■ **Task to carry out**
If a record holds a picture, leave the picture out and copy everything else exactly.

■ **Records to process**
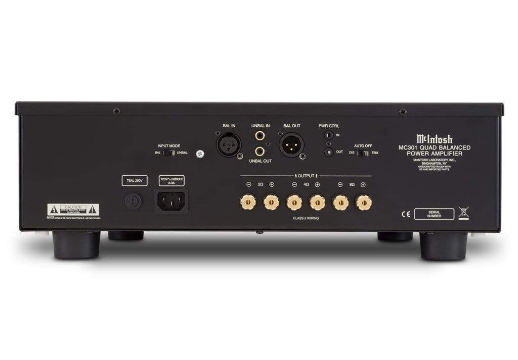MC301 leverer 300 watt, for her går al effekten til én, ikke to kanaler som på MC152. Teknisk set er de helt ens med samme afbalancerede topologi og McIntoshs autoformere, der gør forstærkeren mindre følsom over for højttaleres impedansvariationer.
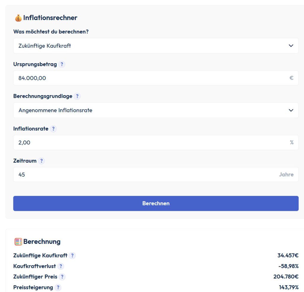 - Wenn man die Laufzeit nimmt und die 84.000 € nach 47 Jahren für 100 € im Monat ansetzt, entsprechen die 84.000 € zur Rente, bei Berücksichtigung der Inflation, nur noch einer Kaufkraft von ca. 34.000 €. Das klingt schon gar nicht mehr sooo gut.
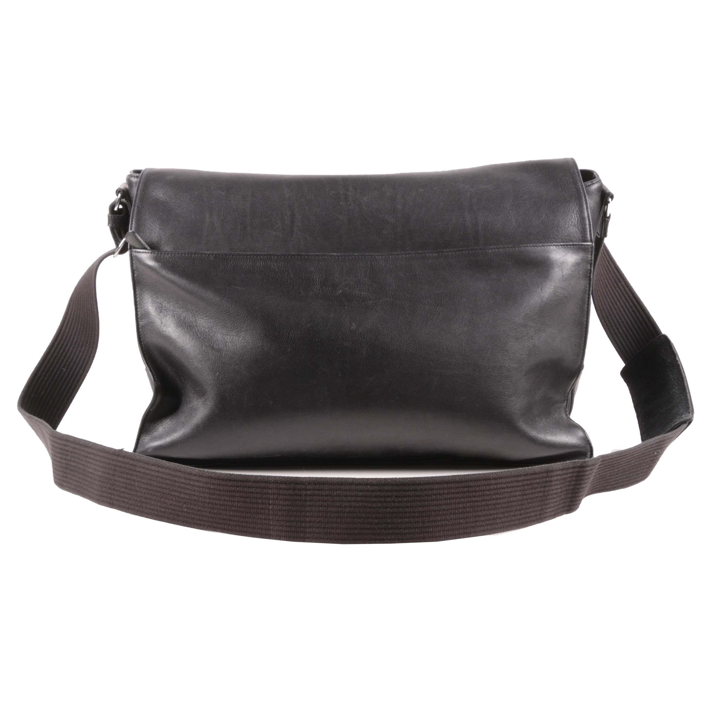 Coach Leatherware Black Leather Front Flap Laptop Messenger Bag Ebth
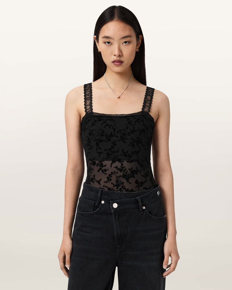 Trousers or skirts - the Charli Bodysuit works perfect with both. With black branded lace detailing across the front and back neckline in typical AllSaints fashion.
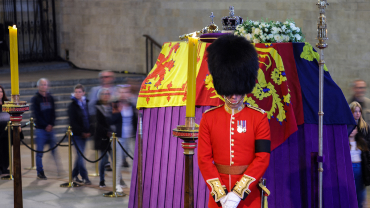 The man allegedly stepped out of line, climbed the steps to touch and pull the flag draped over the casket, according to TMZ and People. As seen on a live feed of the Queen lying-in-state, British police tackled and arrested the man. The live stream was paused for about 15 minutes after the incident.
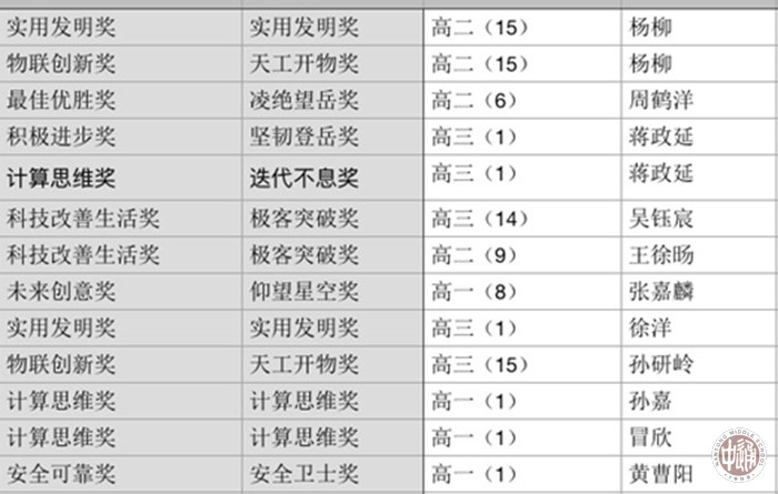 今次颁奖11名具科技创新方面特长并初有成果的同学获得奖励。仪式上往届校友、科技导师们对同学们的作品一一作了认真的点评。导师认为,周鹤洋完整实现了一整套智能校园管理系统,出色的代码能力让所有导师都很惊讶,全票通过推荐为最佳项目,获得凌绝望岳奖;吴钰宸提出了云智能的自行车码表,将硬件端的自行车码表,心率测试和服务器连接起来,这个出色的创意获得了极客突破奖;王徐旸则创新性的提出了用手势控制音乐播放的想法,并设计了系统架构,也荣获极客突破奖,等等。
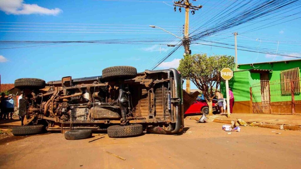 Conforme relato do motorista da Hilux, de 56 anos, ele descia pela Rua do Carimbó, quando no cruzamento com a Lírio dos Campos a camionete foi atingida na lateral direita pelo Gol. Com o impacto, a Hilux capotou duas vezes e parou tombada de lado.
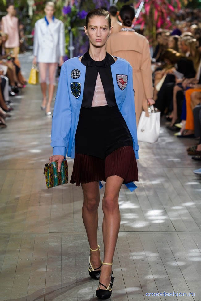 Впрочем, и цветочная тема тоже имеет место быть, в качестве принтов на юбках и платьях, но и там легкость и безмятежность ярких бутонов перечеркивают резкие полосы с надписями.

■ **Your response**
MC301 leverer 300 watt, for her går al effekten til én, ikke to kanaler som på MC152. Teknisk set er de helt ens med samme afbalancerede topologi og McIntoshs autoformere, der gør forstærkeren mindre følsom over for højttaleres impedansvariationer.
 - Wenn man die Laufzeit nimmt und die 84.000 € nach 47 Jahren für 100 € im Monat ansetzt, entsprechen die 84.000 € zur Rente, bei Berücksichtigung der Inflation, nur noch einer Kaufkraft von ca. 34.000 €. Das klingt schon gar nicht mehr sooo gut.
 Coach Leatherware Black Leather Front Flap Laptop Messenger Bag Ebth
 Trousers or skirts - the Charli Bodysuit works perfect with both. With black branded lace detailing across the front and back neckline in typical AllSaints fashion.
 The man allegedly stepped out of line, climbed the steps to touch and pull the flag draped over the casket, according to TMZ and People. As seen on a live feed of the Queen lying-in-state, British police tackled and arrested the man. The live stream was paused for about 15 minutes after the incident.
 今次颁奖11名具科技创新方面特长并初有成果的同学获得奖励。仪式上往届校友、科技导师们对同学们的作品一一作了认真的点评。导师认为,周鹤洋完整实现了一整套智能校园管理系统,出色的代码能力让所有导师都很惊讶,全票通过推荐为最佳项目,获得凌绝望岳奖;吴钰宸提出了云智能的自行车码表,将硬件端的自行车码表,心率测试和服务器连接起来,这个出色的创意获得了极客突破奖;王徐旸则创新性的提出了用手势控制音乐播放的想法,并设计了系统架构,也荣获极客突破奖,等等。
 Conforme relato do motorista da Hilux, de 56 anos, ele descia pela Rua do Carimbó, quando no cruzamento com a Lírio dos Campos a camionete foi atingida na lateral direita pelo Gol. Com o impacto, a Hilux capotou duas vezes e parou tombada de lado.
 Впрочем, и цветочная тема тоже имеет место быть, в качестве принтов на юбках и платьях, но и там легкость и безмятежность ярких бутонов перечеркивают резкие полосы с надписями.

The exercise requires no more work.